# If your car is a lemon who do you sue? Dealer or BMW NA?



## Nichepi (Jun 10, 2011)

*Has anyone sued or began the process to sue BMW NA over a defective & lemon vehicle?*

I currently have a 550I with the M package I spent a substantial amount of money on that has turned out to be a lemon, been in and out of the shop for 6 months with no fix and the vehicle has displayed dangerous activities such as lounging at cars in front of me while at a stop. Violent shaking and sudden loss of power with the engine malfunction lights coming on all the time. And of course recent random calling by the Bluetooth phone system.

I'm looking to hear or receive feedback from anyone who has attempted to sue BMW or what type of feedback was received after sending a demand letter? They offered to take back the car but are offering a low amount of money as compensation to the large sum of money I spent on the car as compensation. IE they want to accept the vehicle back but are only providing $10,000 in compensation.

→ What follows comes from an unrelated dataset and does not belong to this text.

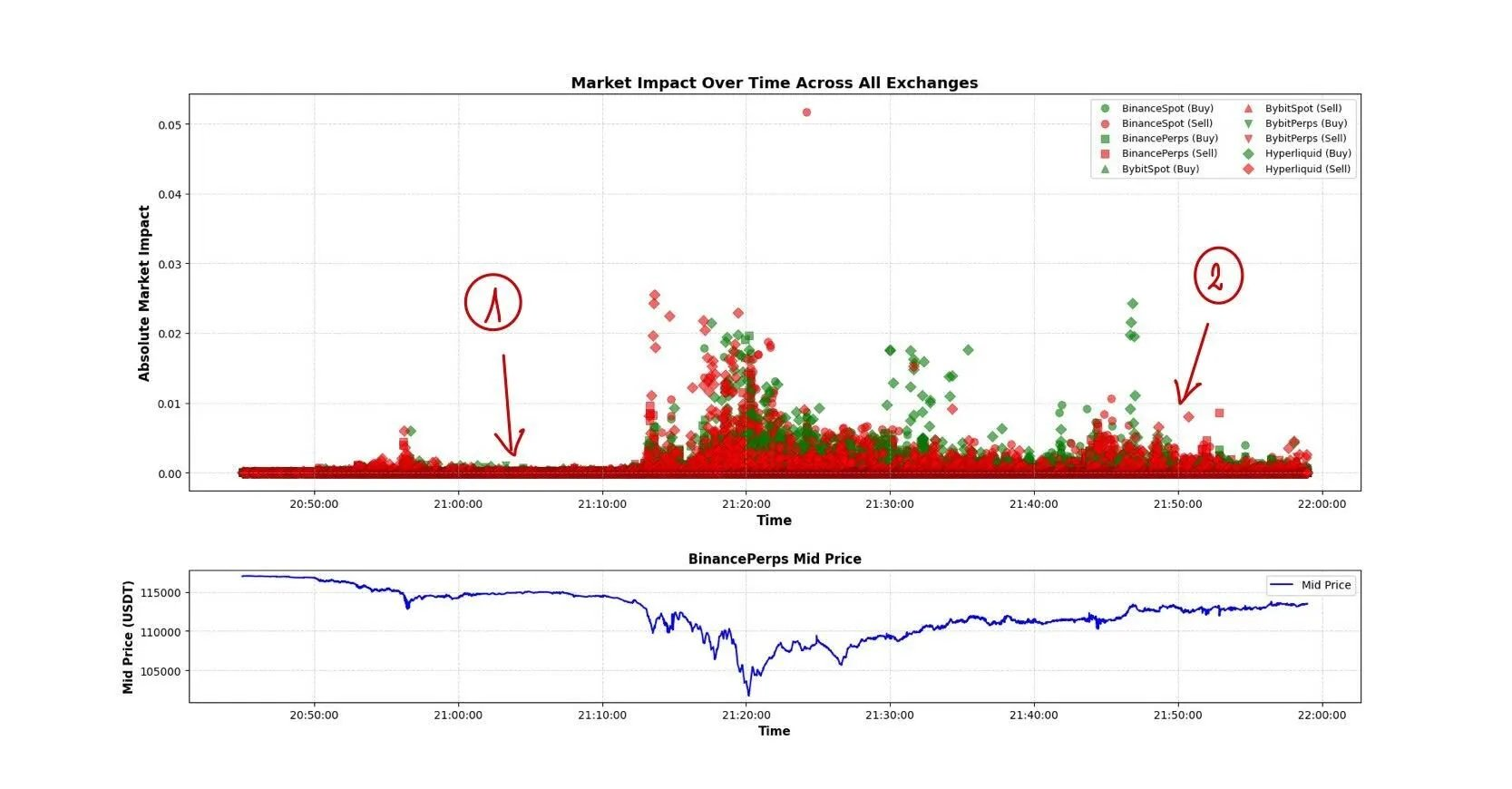 我们该如何“解码”这样的事件?首先,(1)是 市场间传播的信号 。此次发起大额市价单的是 Binance 现货市场。根据分析,在波动性较低的时期,Binance(现货)并非主要的价格驱动者,但在此次事件中,它更频繁地成为了市场波动的起点。随后,其他交易所以毫秒级延迟陆续跟进。这里的关键在于:不同交易场所的市场冲击强度差异——Binance(现货)、Binance(永续合约)及其他平台。可以看到, 在 Binance 出现该笔大额市价单后,其他交易所的跟进强度明显较弱。 因此,在此类交易后建模市场新的均衡状态,对于理解市场动态与跨平台传播机制至关重要。

And of course they want me to sign a NDA identifying that I can't tell anyone about the extensive array of problems the vehicle as presented.


----------



## drive by72 (Nov 9, 2010)

Have you contacted BMWNA HQ? I think you should talk to someone high up in power before you just sue. Let them know about all your issues and offer to fax over service records if necessary. Trying to achieve cooperation will go further than going into this bullheaded. How has the dealer dealt with this so far?


----------



## krsabs (Apr 22, 2011)

Tell BMW that they either come up with a realistic offer, or you'll register an on-line complaint with go to NHTSA's Office of Defects Investigation - https://www-odi.nhtsa.dot.gov/ivoq/

if you file, they will be require to respond to NHTSA. Be sure to tell NHTSA that you wish your complaint to be public, and pepper the text boxes with e address and phone numbers so if someone is looking, they'll be able to make contact.


----------



## Nichepi (Jun 10, 2011)

I've actually been chiming in on someone else's thread. But yes. I've been in contact with 5 of the senior exec management over at BMW NA. I also work in DOT HQ in DC so I did go over to the 3rd floor and file a compliant. So far they have offered to take teh car back and 10K, that was only after i asked for them to take the vehicle back and pay 20K.
'[email protected]'; '[email protected]'; '[email protected]'; '[email protected]'; '[email protected]'; '[email protected]'

Seema is the executive office spokes person who useless and pretty much just relays information. She in no way can negotiate and more times than often has no idea about the problems with the vehicle. Mike Winter is the service manager to BMW alexandria. The others are BMW NA execs.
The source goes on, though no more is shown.